Corporate Governance at ST
      Our consistent commitment to the principles of good corporate governance is evidenced by:
  •  Our corporate organization under Dutch law that entrusts our management to a Managing Board acting under the supervision and control of a Supervisory Board totally independent from the Managing Board. Members of our Managing Board and of our Supervisory Board are appointed and dismissed by our shareholders.
 
  •  Our early adoption of policies on important issues such as “business ethics” and “conflicts of interest” and strict policies to comply with applicable regulatory requirements concerning financial reporting, insider trading and public disclosures.
 
  •  Our compliance with Dutch securities laws, because we are a company incorporated under the laws of the Netherlands, as well as our compliance with United States, French and Italian securities laws, because our shares are listed in these jurisdictions, in addition to our compliance with the corporate, social and financial laws applicable to our subsidiaries in the countries in which we do business.
 
  •  Our broad-based activities in the field of corporate social responsibility, encompassing environmental, social, health, safety, educational and other related issues.
      As a Dutch company, we became subject to the Dutch Corporate Governance Code (the “Code”) effective January 1, 2004. As we are listed on the NYSE, Euronext Paris, the Borsa Italiana in Milan, but not in the Netherlands, our policies and practices cannot be in every respect consistent with all Dutch “Best Practice” recommendations contained in the Code. We have summarized our policies and practices in the field of corporate governance in the ST Corporate Governance Charter, including our corporate organization, the remuneration principles which apply to our Managing and Supervisory Boards, our information policy and our corporate policies relating to business ethics and conflicts of interests. Our Charter was discussed with and approved by our shareholders at our 2004 annual shareholders’ meeting. The ST Corporate Governance Charter was updated in 2005 and will be further updated and expanded whenever necessary or advisable. We are committed to inform our shareholders of any significant changes in our corporate governance policies and practices at our annual shareholders’ meeting. Along with our Supervisory Board Charter (which includes the charters of our Supervisory Board Committees) and our Code of Business Conduct and Ethics, the current version of our ST Corporate Governance Charter is posted on our website, at http:/www.st.com/stonline/company/governance/index.htm, and these documents are available in print to any shareholder who may request them.

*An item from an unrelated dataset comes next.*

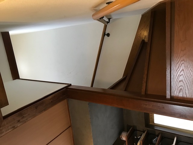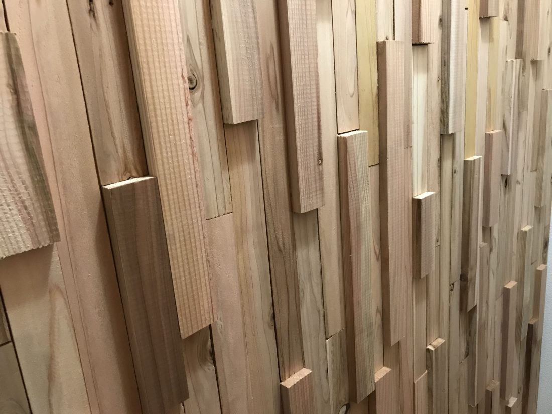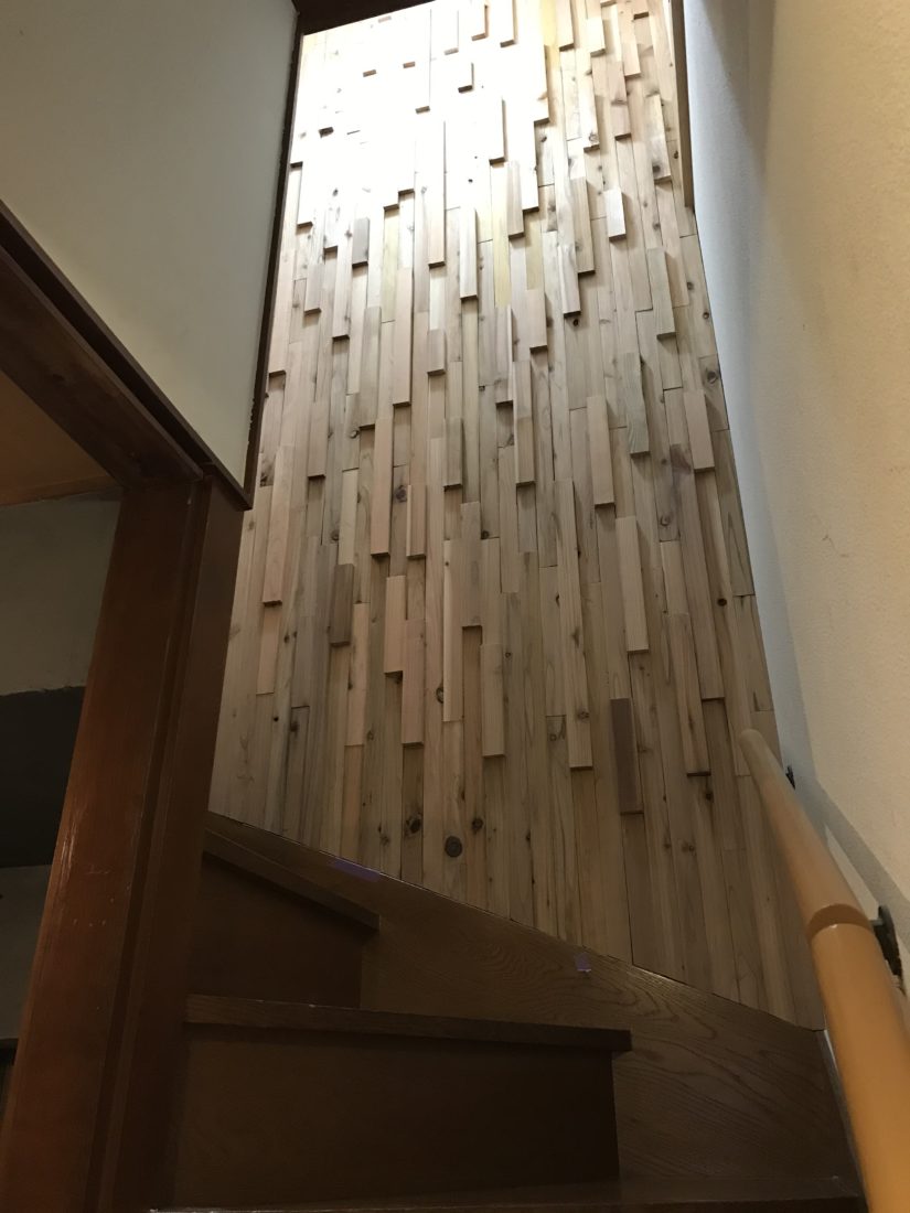 階段の壁面をリフォーム。立体感を出すために、厚みの異なる杉の無垢材を使い、あえてランダムに長さをカット。木材の表情が楽しめる壁面へとなりました。

      Our Supervisory Board is carefully selected based upon the combined experience and expertise of its members. Certain of our Supervisory Board members, as disclosed in their biographies set forth above, have existing relationships or past relationships with Areva, CDP, and/or Finmeccanicca, who are currently parties to the STH Shareholders’ Agreement as well as with ST Holding or ST Holding II, our major shareholder. See “Item 7. Major Shareholders and Related-Party Transactions — Shareholders’ Agreements — STH Shareholders’ Agreement”. Such relationships may give rise to potential conflicts of interest. However, in fulfilling their duties under Dutch law, Supervisory Board members serve the best interests of all of our stakeholders and of our business and must act independently in their supervision of our management. Our Supervisory Board has adopted criteria to assess the independence of its members in accordance with corporate governance listing standards of the NYSE.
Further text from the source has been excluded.